Miguel Velezreyes - One of the best experts on this subject based on the ideXlab platform.

  • integrating spatial information in unsupervised unmixing of hyperspectral imagery using Multiscale Representation
    IEEE Journal of Selected Topics in Applied Earth Observations and Remote Sensing, 2014
    Co-Authors: Maria C Torresmadronero, Miguel Velezreyes
    Abstract:

    This paper presents an unsupervised unmixing approach that takes advantage of Multiscale Representation based on nonlinear diffusion to integrate the spatial information in the spectral endmembers extraction from a hyperspectral image. The main advantages of unsupervised unmixing based on Multiscale Representation (UUMR) are the avoidance of matrix rank estimation to determine the number of endmembers and the use of spatial information without employing spatial kernels. Multiscale Representation builds a family of smoothed images where locally spectrally uniform regions can be identified. The Multiscale Representation is extracted solving a nonlinear diffusion partial differential equation (PDE). Locally, homogeneous regions are identified by taking advantage of an algebraic multigrid method used to solve the PDE. Representative spectra for each region are extracted and then clustered to build spectral endmember classes. These classes represent the different spectral components of the image as well as their spectral variability. The number of spectral endmember classes is estimated using the Davies and Bouldin validity index. A quantitative assessment of unmixing approach based on Multiscale Representation is presented using an AVIRIS image captured over Fort. A.P. Hill, Virginia. A comparison of UUMR results with others unmixing techniques is included.
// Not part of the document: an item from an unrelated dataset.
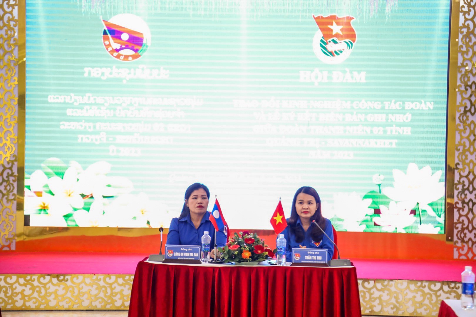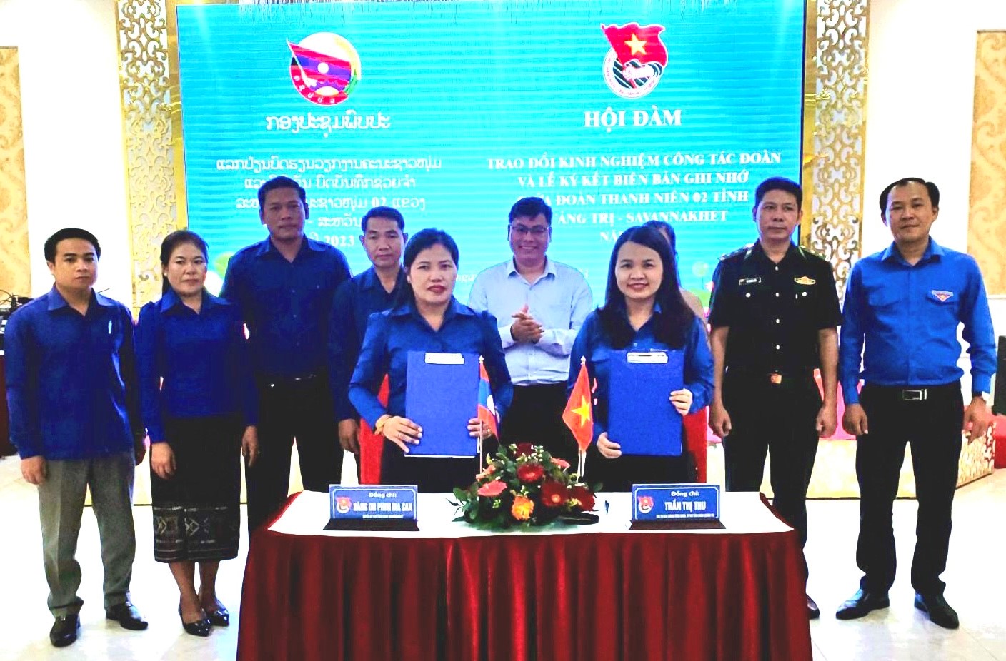 Đồng chí Trần Thị Thu - Tỉnh ủy viên, Ủy viên BCH Trung ương Đoàn, Bí thư Tỉnh Đoàn Quảng Trị và đồng chí Băng On Phim Mạ Son, Quyền Bí thư Ban Chấp hành Đoàn TNNDCM Lào tỉnh Savannakhet cùng chủ trì Hội đàm.

  • Multiscale Representation and segmentation of hyperspectral imagery using geometric partial differential equations and algebraic multigrid methods
    IEEE Transactions on Geoscience and Remote Sensing, 2008
    Co-Authors: Julio M Duartecarvajalino, Guillermo Sapiro, Miguel Velezreyes, P E Castillo
    Abstract:

    A fast algorithm for Multiscale Representation and segmentation of hyperspectral imagery is introduced in this paper. The Multiscale/scale-space Representation is obtained by solving a nonlinear diffusion partial differential equation (PDE) for vector-valued images. We use algebraic multigrid techniques to obtain a fast and scalable solution of the PDE and to segment the hyperspectral image following the intrinsic multigrid structure. We test our algorithm on four standard hyperspectral images that represent different environments commonly found in remote sensing applications: agricultural, urban, mining, and marine. The experimental results show that the segmented images lead to better classification than using the original data directly, in spite of the use of simple similarity metrics and piecewise constant approximations obtained from the segmentation maps.